Exercise requirements:
The lines needed run from the one that contains "The Monk's Habit" through the end of the material below, both included; write them out exactly, with no pictures.

START Dataset extract

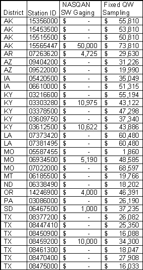 (NASQAN) status and funding for FY 2001. Details of NASQAN station operation
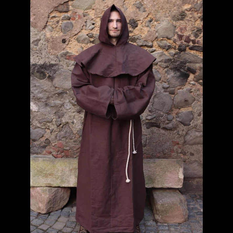 The Monk's Habit Franziskus is a faithful reproduction of the attire worn by the mendicant friars of the 13th century, followers of Francis of Assisi. These "lesser brothers" renounced worldly possessions and embraced a life of simplicity, chastity, and devotion to their faith. Originally, their founder did not intend to create a religious order but rather inspire others to live a godly life.
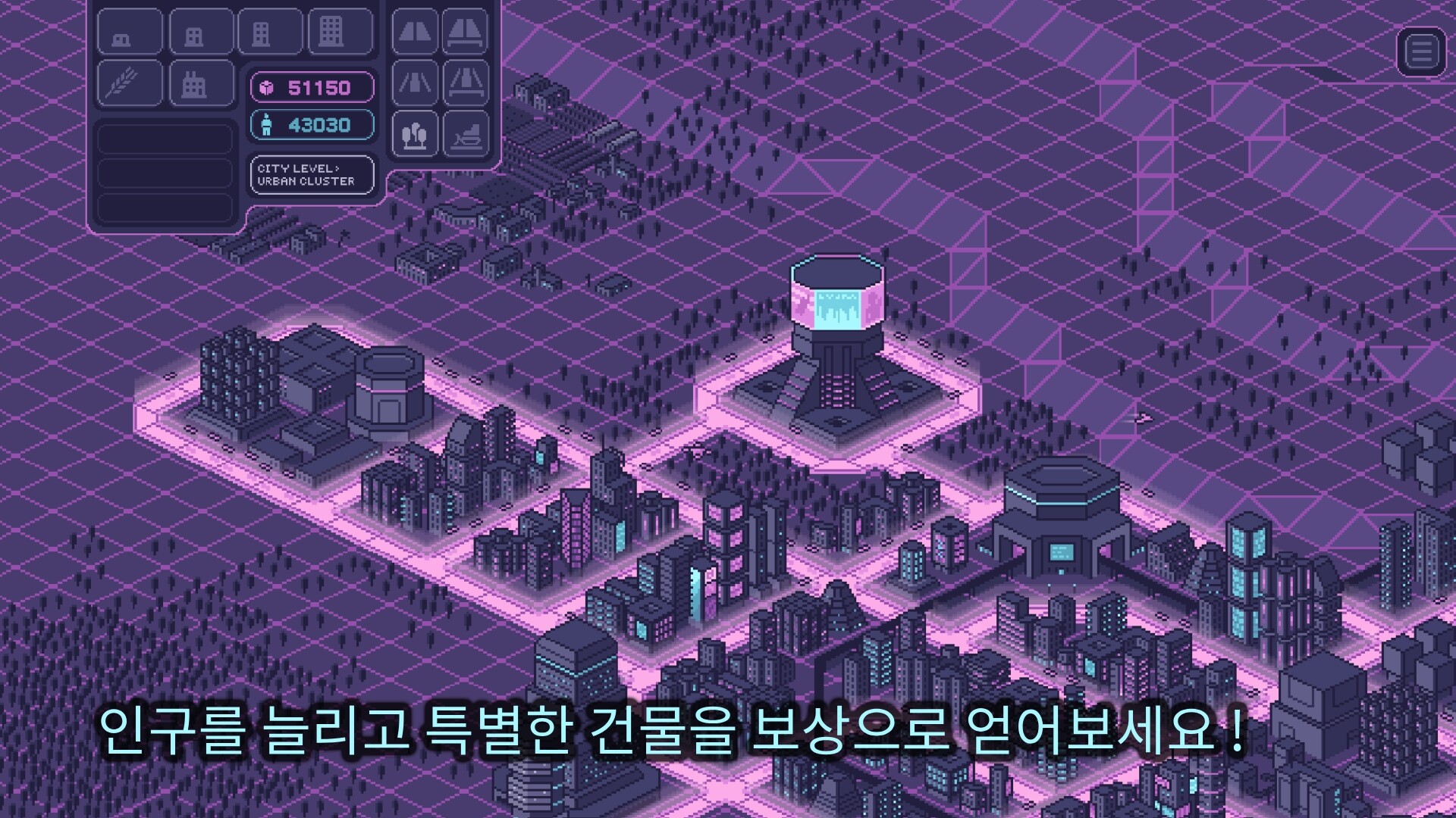 인구와 자원의 균형을 유지하고, 특별한 건물을 잠금 해제하며, 도시가 성장할수록 레벨을 올려보세요.

END Dataset extract

Solution for this exercise:
 The Monk's Habit Franziskus is a faithful reproduction of the attire worn by the mendicant friars of the 13th century, followers of Francis of Assisi. These "lesser brothers" renounced worldly possessions and embraced a life of simplicity, chastity, and devotion to their faith. Originally, their founder did not intend to create a religious order but rather inspire others to live a godly life.
 인구와 자원의 균형을 유지하고, 특별한 건물을 잠금 해제하며, 도시가 성장할수록 레벨을 올려보세요.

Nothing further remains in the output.